Concerned groups need to understand academics is not everything. Most CEOs were not A students. If a school wants to attract future CEOs, they will need to value non-academic skills. Someone will always get capped out. No one wants it to be them. They would be fine if it was someone else getting capped.
 

Cruisin90

Member
Concerned groups need to understand academics is not everything. Most CEOs were not A students. If a school wants to attract future CEOs, they will need to value non-academic skills. Someone will always get capped out. No one wants it to be them. They would be fine if it was someone else getting capped.
I agree with you but still race and ethnicity should not have anything to do with it. In the bay area, it was done for a high school because whites wanted to show that they had 95% white students because they were superior.

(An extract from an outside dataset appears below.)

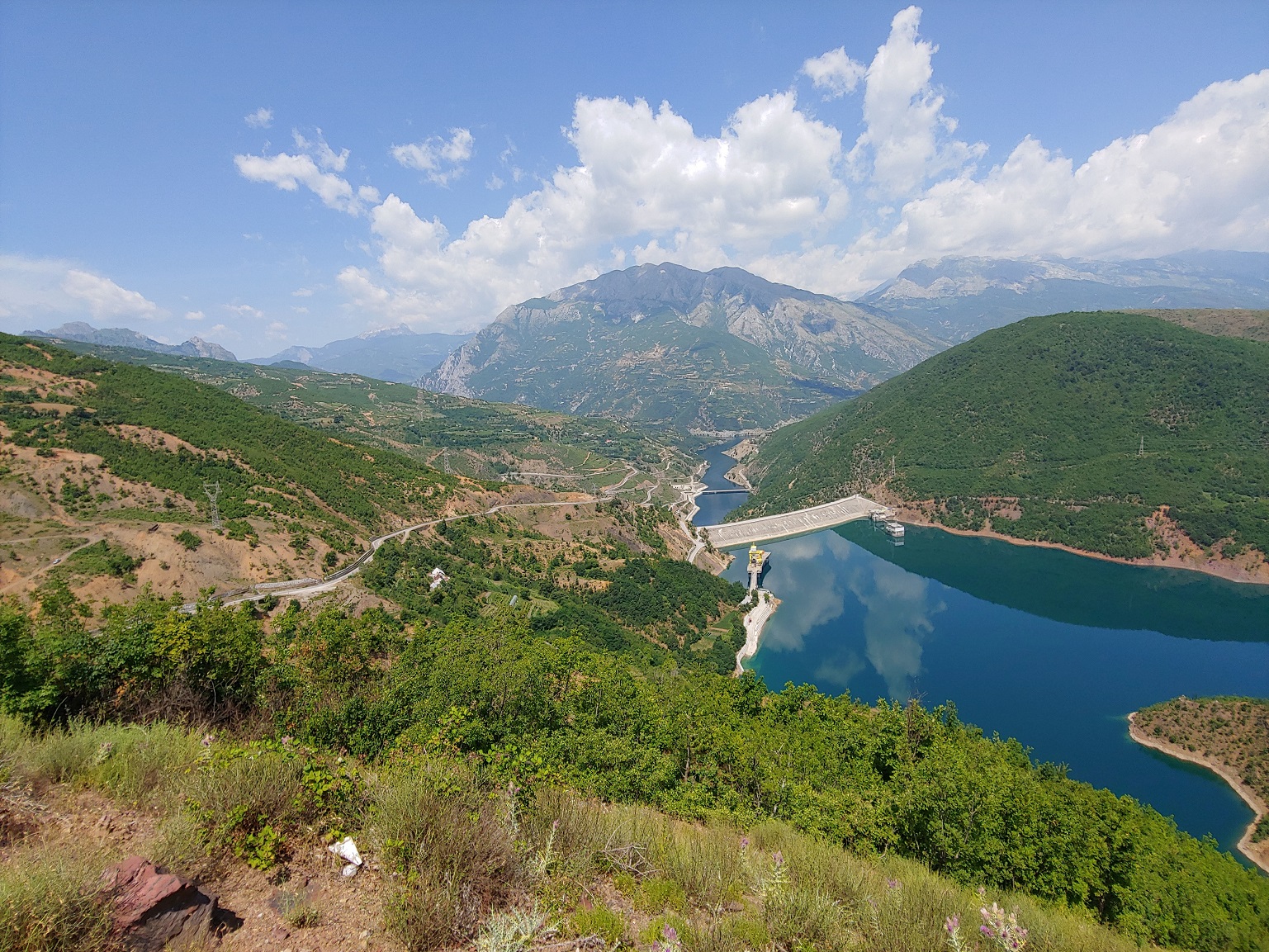 SH22, po odbočení z SH5 za Qafë-Mal, je zatáčkovitější a pomalejší než jsem čekal, dvouhodinová rezerva do odjezdu trajektu se smrskla na hodinu, i tak máme čas na fotky elektrárny Fierzë.
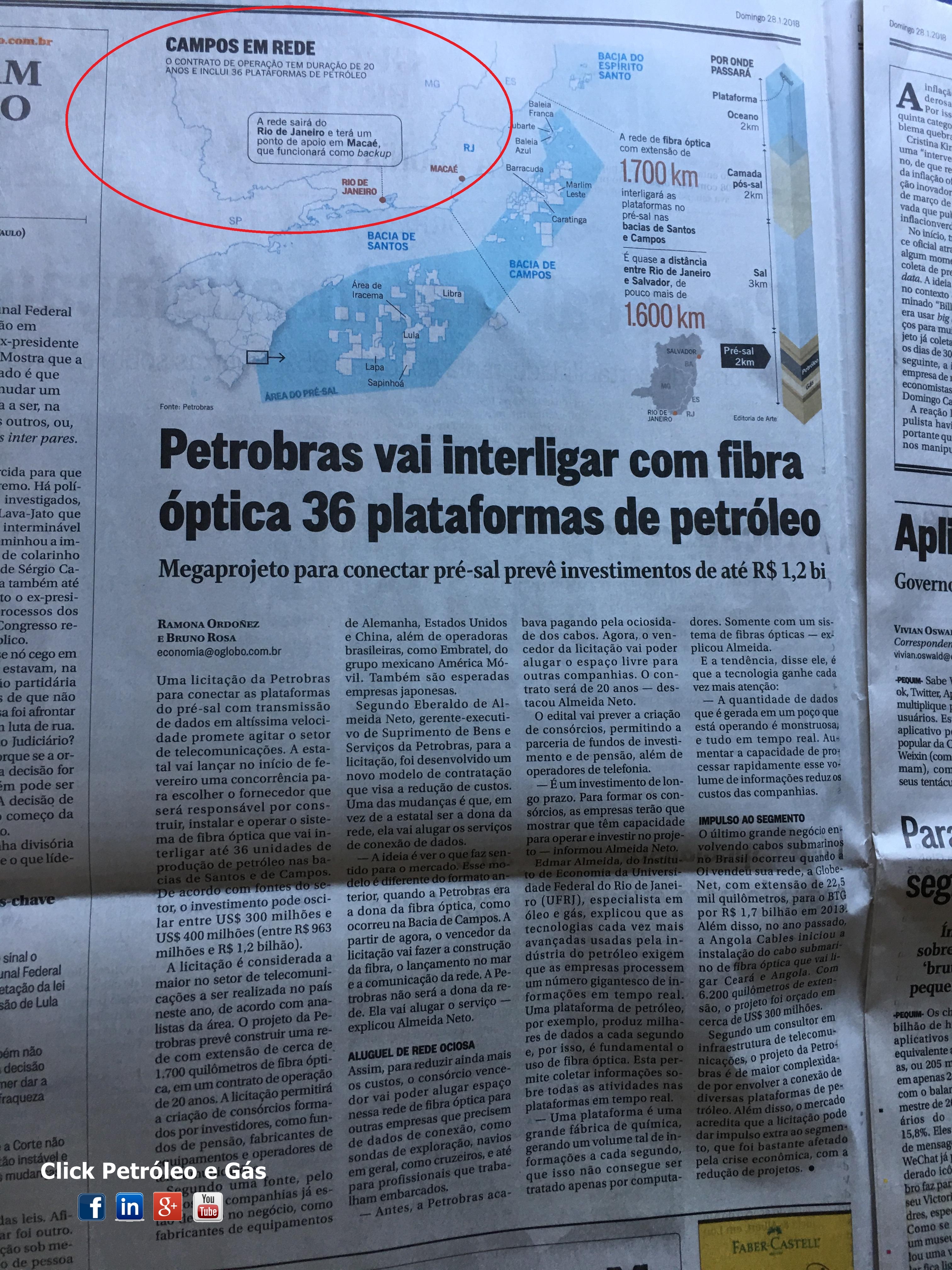 At this moment, companies from Germany, the United States, China, Japan, and Brazilian companies like Embratel have already expressed interest in the project; however, as soon as this news spreads worldwide, more companies will enter the “Hunger Games.” Here comes the good news! THE NETWORK WILL EXTEND FROM RIO DE JANEIRO AND WILL HAVE A SUPPORT POINT IN THE CITY OF MACAÉ-RJ. Stay tuned for the special publication in the newspaper below:

It turns out that when school started whites only made up 45% of the new student body when they removed race/ethnicity from the application.
 

naturalgyrl5199

Well-Known Member
I agree with you but still race and ethnicity should not have anything to do with it. In the bay area, it was done for a high school because whites wanted to show that they had 95% white students because they were superior. It turns out that when school started whites only made up 45% of the new student body when they removed race/ethnicity from the application.
In areas where the population is less than 5-10% black, its not gonna turn out that way. All over the south.